Health Minister Bruce Fitch told the House earlier this month that his Progressive Conservative government had put in measures to help the situation, pointing to New Brunswick Health Link, 11 clinics around the province that pool doctors to offer primary care to orphaned patients.
All told, he said,58,000 patients have been onboarded into the stop-gap measure until they can find their own family doctor or nurse practitioner.
A spokesman for his department said Fitch wasn’t available for an interview on Tuesday.
Levesque attended the legislature earlier this month with two of his students, watching questionperiod and other House proceedings. He asked for a private audience with Premier Blaine Higgs, not really expecting to get one. But the premier agreed, and they met behind closed doors for about 45 minutes.
The professor said Higgs seemed to have a good handle on the challenges facing the system.
“He firmly believes that healthcare teams are the solution,” Levesque said. “And I think there’s some mustard to this. As he states, new doctors entering the system don’t want to go into solo practices anymore. They want to work in teams, in the collaborative care model, with seven or eight of them working together.
“But the challenge is, every retiring doctor has a patient roster of 3,000-plus, whereas a new doctor coming into one of these clinics wants 900 or 1,000. So you lose one doctor but you need three to replace him or her.”

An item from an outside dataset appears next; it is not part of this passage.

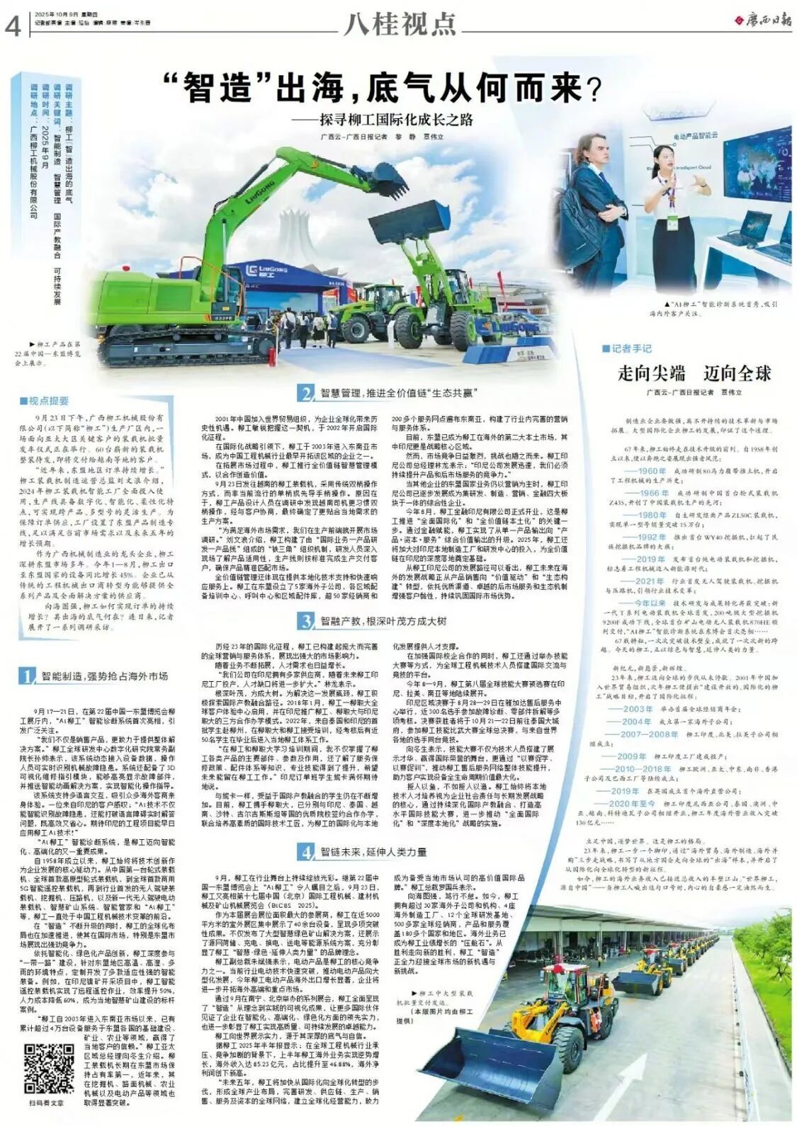 10月9日,《广西日报》第四版整版刊发《“智造”出海,底气从何而来?——探寻柳工国际化成长之路》报道,全文如下:

The other challenges are fewer medical students wanting to enroll in family medicine as a specialty and the competition to attract health-care professionals nationwide and around the world, leaving shortages.

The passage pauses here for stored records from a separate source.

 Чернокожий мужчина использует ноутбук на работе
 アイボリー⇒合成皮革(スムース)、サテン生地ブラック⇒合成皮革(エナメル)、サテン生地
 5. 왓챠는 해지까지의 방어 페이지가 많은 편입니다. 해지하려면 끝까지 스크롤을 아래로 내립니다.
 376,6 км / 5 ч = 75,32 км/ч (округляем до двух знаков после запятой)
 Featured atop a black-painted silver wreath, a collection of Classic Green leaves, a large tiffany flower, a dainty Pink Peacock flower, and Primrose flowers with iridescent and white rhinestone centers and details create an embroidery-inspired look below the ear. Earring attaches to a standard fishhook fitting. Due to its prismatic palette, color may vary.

Levesque said New Brunswick is turning into a place with haves and have-nots in the healthcare system, with the have-nots getting increasingly frustrated they can’t be seen when they have medical problems that aren’t emergencies.
“People are saying to the government,’ I don’t care what your excuses are, stop racking up the surpluses and put the money into the system and get us some doctors,'” he said. “If you can’t get enough doctors, ramp the wages up. Money talks.

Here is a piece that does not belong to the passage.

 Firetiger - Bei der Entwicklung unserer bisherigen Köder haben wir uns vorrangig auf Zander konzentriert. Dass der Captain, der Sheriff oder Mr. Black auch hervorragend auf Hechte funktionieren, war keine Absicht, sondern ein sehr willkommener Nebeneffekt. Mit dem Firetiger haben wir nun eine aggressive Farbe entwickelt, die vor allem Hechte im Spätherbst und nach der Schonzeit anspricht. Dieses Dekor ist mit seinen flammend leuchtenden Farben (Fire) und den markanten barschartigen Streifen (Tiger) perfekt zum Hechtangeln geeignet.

“Compare what Higgs is doing to what Premier Tim Houston is doing in Nova Scotia. He’s throwing everything at the wall to make a difference and make it stick to get people the care they need. Here, we are penny pinchers. So if you’re a voter in the upcoming election, how are you going to perceive this?”
Under a new contract signed last year, family physicians in Nova Scotia will see a salary increase of 10 per cent over four years.
Nova Scotia’s Tory government also moved to a new payment model for family doctors that calculates income based on the number of patients in their practice, the number of hours they work and the services they provide. It’s a model that younger doctors prefer, according to Doctors Nova Scotia.
Bateman, however, isn’t convinced spending more will make a difference.
He said voters might blame the government for the problems, but the opposition doesn’t offer any panaceas.
The academic attended a healthcare conference in Fredericton last Friday that featured keynote speaker Don Drummond, the prominent economist who once worked for the federal government, TD Bank and now Queen’s University.
“He said we’re trying to recruit nurses and doctors from other jurisdictions, but every other place is facing the same shortages. That means we probably won’t get people to come here and the whole concept of bidding against other places will simply drive up the cost to recruit the same small number of professionals.
“So it’s a bit of a mug’s game. The way to do this is to increase supply, getting more students into nursing and medical schools, but that’s a longer-term proposition. There’s no overnight fix.”